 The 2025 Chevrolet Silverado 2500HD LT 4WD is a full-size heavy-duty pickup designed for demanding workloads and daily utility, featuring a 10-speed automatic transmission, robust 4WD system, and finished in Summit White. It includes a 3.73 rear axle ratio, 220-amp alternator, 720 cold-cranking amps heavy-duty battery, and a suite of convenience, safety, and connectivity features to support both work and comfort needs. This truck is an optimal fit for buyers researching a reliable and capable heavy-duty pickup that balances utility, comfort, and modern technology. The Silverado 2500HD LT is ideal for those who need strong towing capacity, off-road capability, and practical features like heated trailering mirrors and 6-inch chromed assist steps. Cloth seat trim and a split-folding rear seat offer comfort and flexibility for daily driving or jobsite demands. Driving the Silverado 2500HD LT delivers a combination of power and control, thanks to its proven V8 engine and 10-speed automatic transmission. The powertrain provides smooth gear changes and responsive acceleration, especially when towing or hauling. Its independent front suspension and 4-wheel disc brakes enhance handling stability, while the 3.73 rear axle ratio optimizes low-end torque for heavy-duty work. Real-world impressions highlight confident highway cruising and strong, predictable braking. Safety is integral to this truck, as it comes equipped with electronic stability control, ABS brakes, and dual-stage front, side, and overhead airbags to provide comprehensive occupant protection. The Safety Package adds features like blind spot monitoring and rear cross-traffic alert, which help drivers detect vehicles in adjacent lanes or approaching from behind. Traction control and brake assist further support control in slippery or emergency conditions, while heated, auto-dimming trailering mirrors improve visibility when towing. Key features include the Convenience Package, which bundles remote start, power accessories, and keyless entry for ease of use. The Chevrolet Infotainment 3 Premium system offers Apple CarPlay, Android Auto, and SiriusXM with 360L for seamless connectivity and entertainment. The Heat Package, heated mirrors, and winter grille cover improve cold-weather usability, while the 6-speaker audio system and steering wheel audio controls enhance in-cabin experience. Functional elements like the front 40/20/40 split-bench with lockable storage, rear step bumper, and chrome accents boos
__________________________________________________
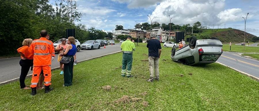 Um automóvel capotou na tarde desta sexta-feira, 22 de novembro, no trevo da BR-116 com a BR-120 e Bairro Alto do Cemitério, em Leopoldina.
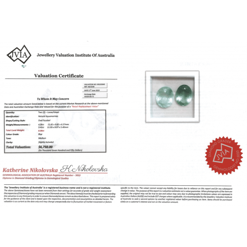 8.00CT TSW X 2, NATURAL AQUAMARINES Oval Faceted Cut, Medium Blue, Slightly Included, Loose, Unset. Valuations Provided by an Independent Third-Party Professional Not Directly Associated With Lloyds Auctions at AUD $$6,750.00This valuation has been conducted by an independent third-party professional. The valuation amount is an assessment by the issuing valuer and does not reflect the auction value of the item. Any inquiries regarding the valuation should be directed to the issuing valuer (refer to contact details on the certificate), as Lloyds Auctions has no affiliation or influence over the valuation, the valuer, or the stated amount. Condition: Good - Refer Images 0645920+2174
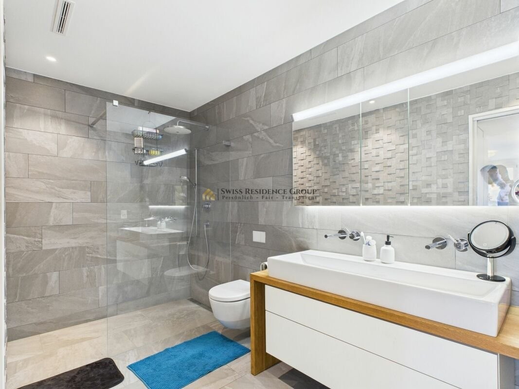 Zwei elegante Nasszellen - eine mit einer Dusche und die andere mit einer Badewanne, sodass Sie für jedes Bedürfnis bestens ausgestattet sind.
__________________________________________________
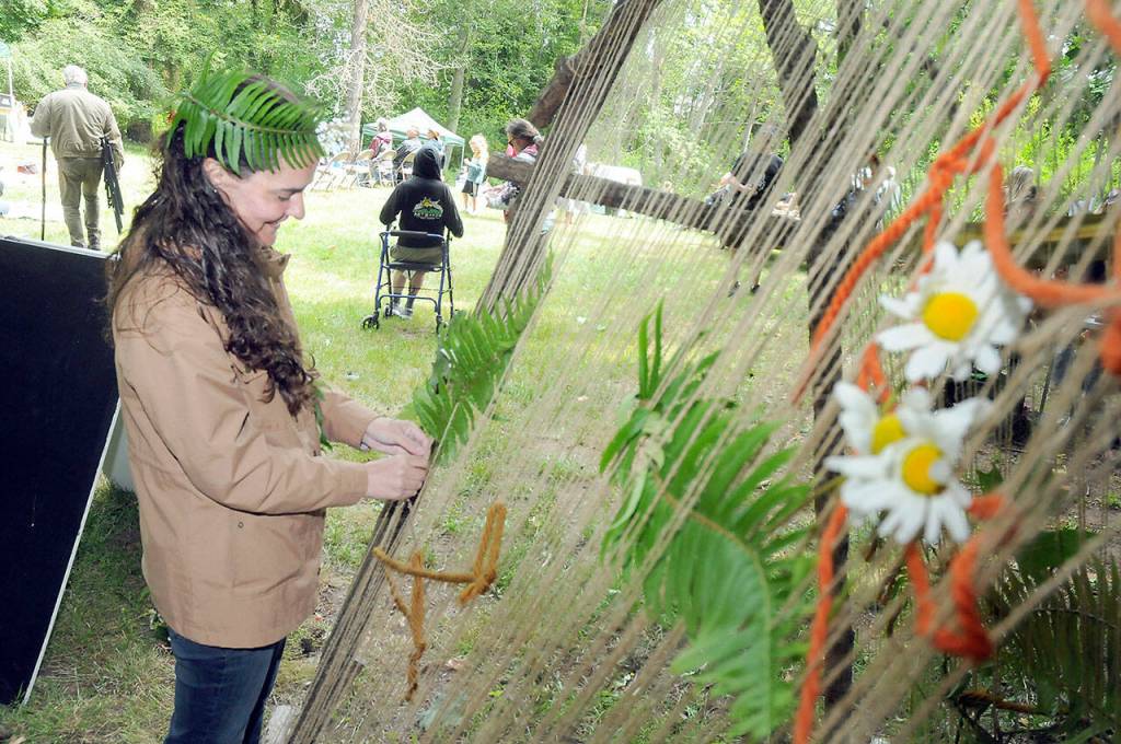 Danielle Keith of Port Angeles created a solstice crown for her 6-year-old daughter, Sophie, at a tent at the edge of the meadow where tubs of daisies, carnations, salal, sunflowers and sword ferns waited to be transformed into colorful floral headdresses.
__________________________________________________
**Task instructions**
Print exactly, with no pictures, the lines above from the one that holds "8.00CT TSW X" through the one that holds "Zwei elegante Nasszellen", both of them included.

**Answer to this task**
 8.00CT TSW X 2, NATURAL AQUAMARINES Oval Faceted Cut, Medium Blue, Slightly Included, Loose, Unset. Valuations Provided by an Independent Third-Party Professional Not Directly Associated With Lloyds Auctions at AUD $$6,750.00This valuation has been conducted by an independent third-party professional. The valuation amount is an assessment by the issuing valuer and does not reflect the auction value of the item. Any inquiries regarding the valuation should be directed to the issuing valuer (refer to contact details on the certificate), as Lloyds Auctions has no affiliation or influence over the valuation, the valuer, or the stated amount. Condition: Good - Refer Images 0645920+2174
 Zwei elegante Nasszellen - eine mit einer Dusche und die andere mit einer Badewanne, sodass Sie für jedes Bedürfnis bestens ausgestattet sind.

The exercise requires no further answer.